Hell, I was focusing on the mailboxes. Whoops.
 
Thor said:
What the fuck! Seriously, what the fuck!

Do people not have a sense of humour nowadays? And is it that extreme that it's illegal to have a sense of humour?!

I think they don't have any anymore. I was threatened with disciplinary actions because I send a funny email (apparently not funny to some) to a student mailing list (A very limited mailing list I must state: only PhD students in a certain building who registered for it - which means maybe 10% of them). One of the wonderful and intelligent students reported it as spam and the computer administration came down on me like crack whore in desperate need of a fix.

people all over the world. I have a message for you:

lighten up. You will die one day and never had any enjoyment out of life.
 
When I read Tiassa´s post, I somehow get the impression that our school system greatly differs from the American one.

At least to a great part.
No one is brought uup to be conform. Most teachers try to make us individuals, who can think and act on and for their own.

I got the distinct impression that people expected the schools to teach their children general orthodoxy and set conformist life patterns while developing social functionality at a basic level.

Hmm, not in our school system... No one tries to force a student to fit into any kind of pattern. The teachers take the students for what they are: individuals and try to help them to become as much as possible with their individual possibilities.

Respect the authority. Respect the herd. Obey. Be all that you can be by not sticking out in the crowd.
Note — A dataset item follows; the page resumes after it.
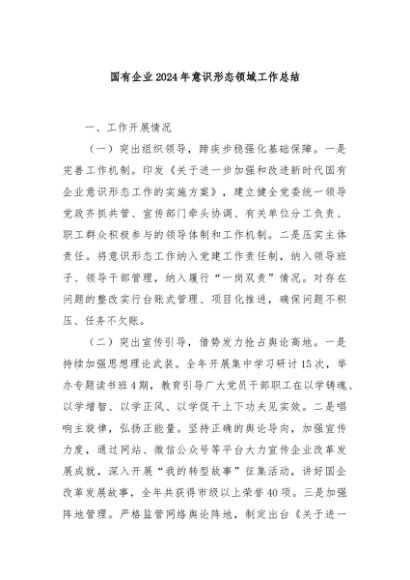 / 【七哥公文】2024年:国有企业2024年意识形态领域工作总结+更多免费公文+VX:QiGeGongWen2024
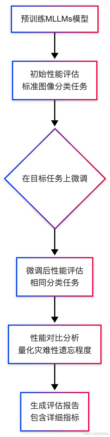 遗忘程度量化:微调后,再次在相同的标准分类数据集上评估模型,比较微调前后性能差异,精确计算遗忘程度

Interesting. Truth to tell, no one really respects the authority here. And the authority doesn´t really care. At least to some extend.
And here it rather is "be all that you can".

I am happy that I did not have to endure the American school system, from all that i´ve heard it is not really nice.
 
Yep...i get into trouble in some countries because I am the victim of the dutch educational system: no respect for authority whatsoever. You are considered a failure if you conform.


Where did you get your education Dreamwalker?
 
Dream, what about Germany's censorship of most things related to the Nazis? I know that's kinda off the topic, but I've heard of the lead singers of two racist metal bands being imprisoned - one was out on parole, gave the salute, and was arrested here in the States, and is currently awaiting extradition. By and large, I think the way Germany's responded to the Holocaust has been admirable in terms of its honesty, especially in contrast with the denial in Japan, but when you're imprisoning people for expressing their beliefs, how is that helping people to think on their own and how is that not forcing people into a certain pattern?

(Side note: I've also heard Wolfenstein 3-D, this old FPS, has never been released in Germany, due to a preponderance of swastikas, Hitler portraits, and other Nazi paraphenalia. Know anything that about?)

(Side, side note: Vidkun, the first name of Quisling, the Norwegian who served in the Nazi puppet government, has been banned in Norway.)
 
tiassa said:
Throwing your cap, shouting out to your friends, whatever
Yeah, they threatened us with that too. Part of our 'class gift' from the donations to the class government (forget what they called it) were boxes full of blowup volleyballs.

The only reason it was done is because they made a big stink out of it. Plus, you need something to do when you are sitting there for an hour with them just calling off names.